Your goal: Once you find the line with "1.Replace front door" in the listing below, please repeat it and every later line exactly, through the last one, without pictures.

Supplied information:
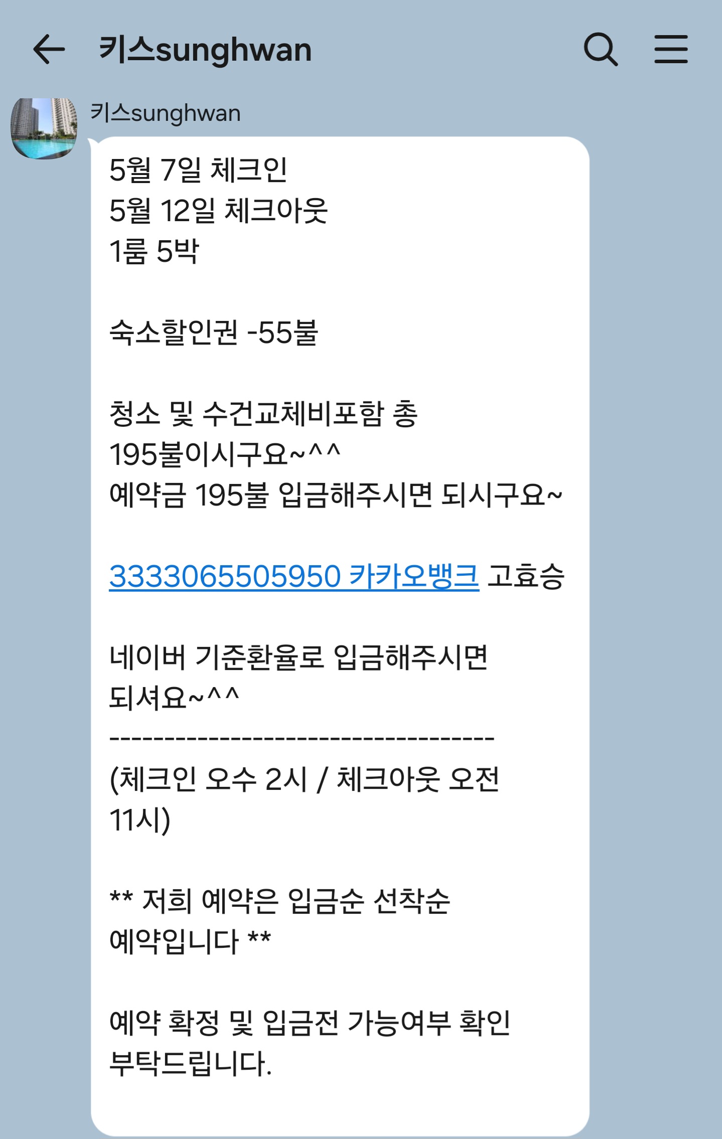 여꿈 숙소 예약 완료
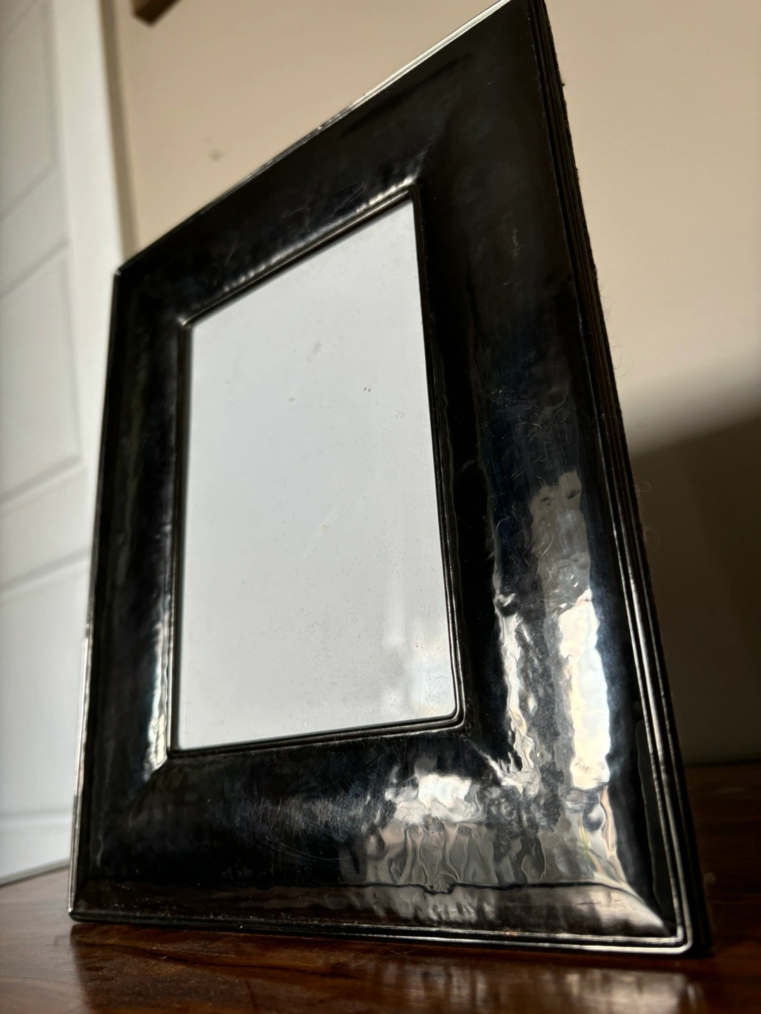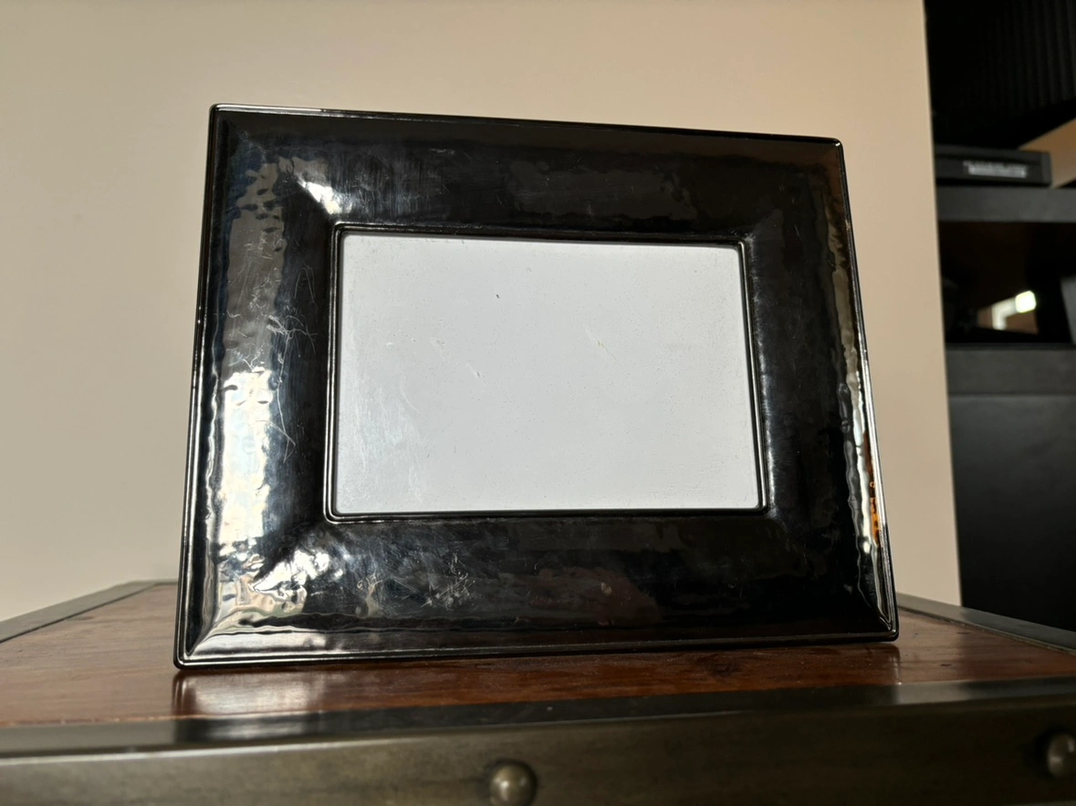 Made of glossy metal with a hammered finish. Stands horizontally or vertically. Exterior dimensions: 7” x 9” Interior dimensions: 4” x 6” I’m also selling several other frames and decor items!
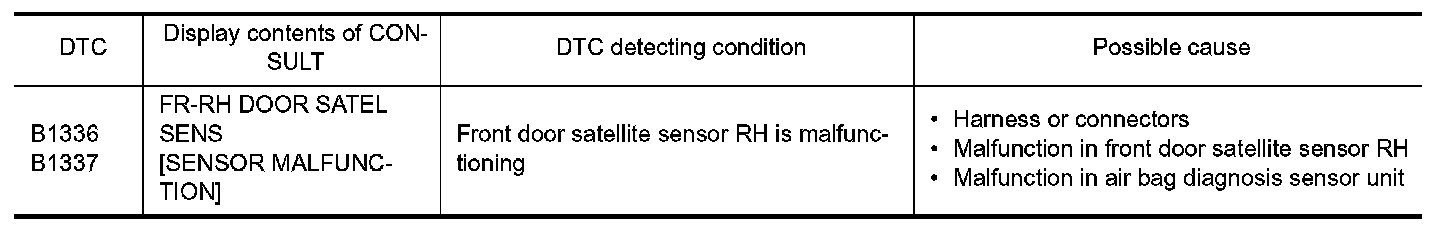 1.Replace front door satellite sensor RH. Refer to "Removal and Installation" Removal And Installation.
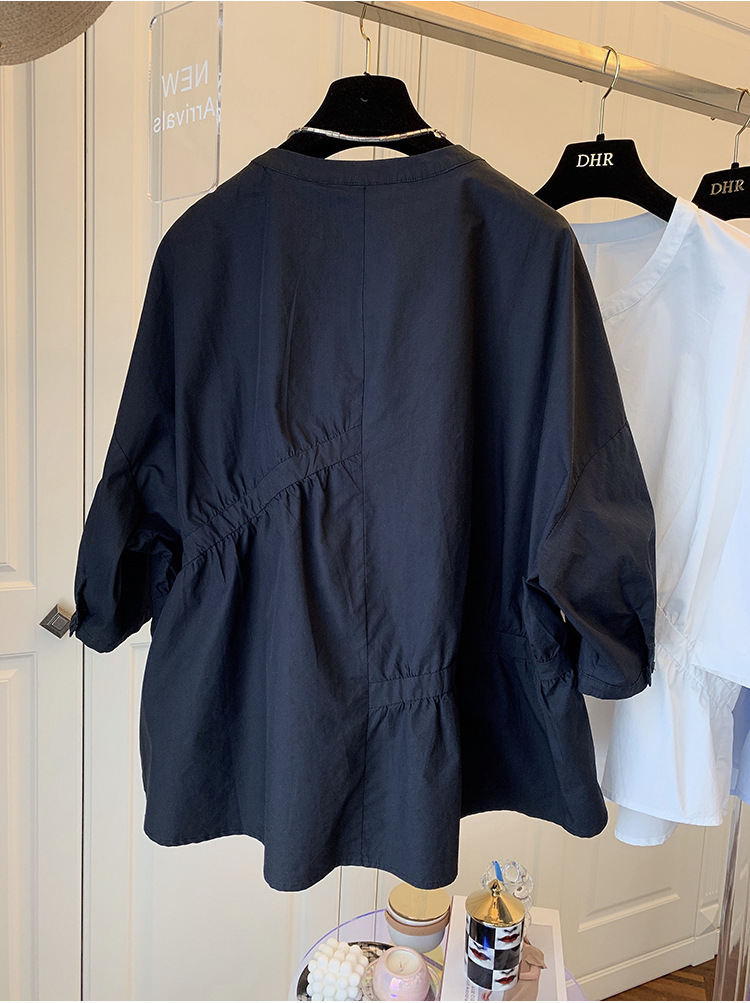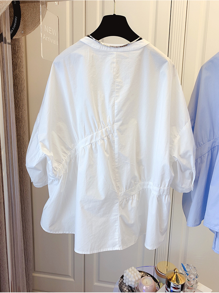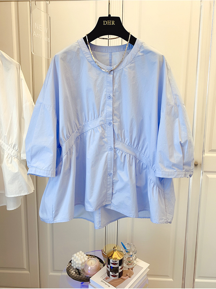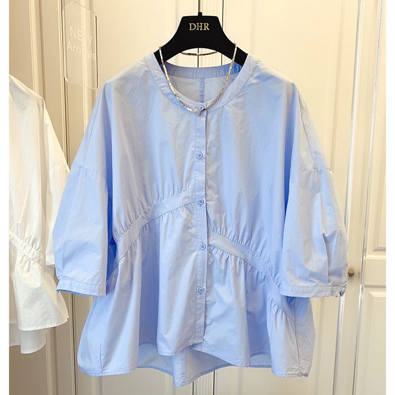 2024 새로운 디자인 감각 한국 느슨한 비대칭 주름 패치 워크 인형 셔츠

Result of this task:
 1.Replace front door satellite sensor RH. Refer to "Removal and Installation" Removal And Installation.
 2024 새로운 디자인 감각 한국 느슨한 비대칭 주름 패치 워크 인형 셔츠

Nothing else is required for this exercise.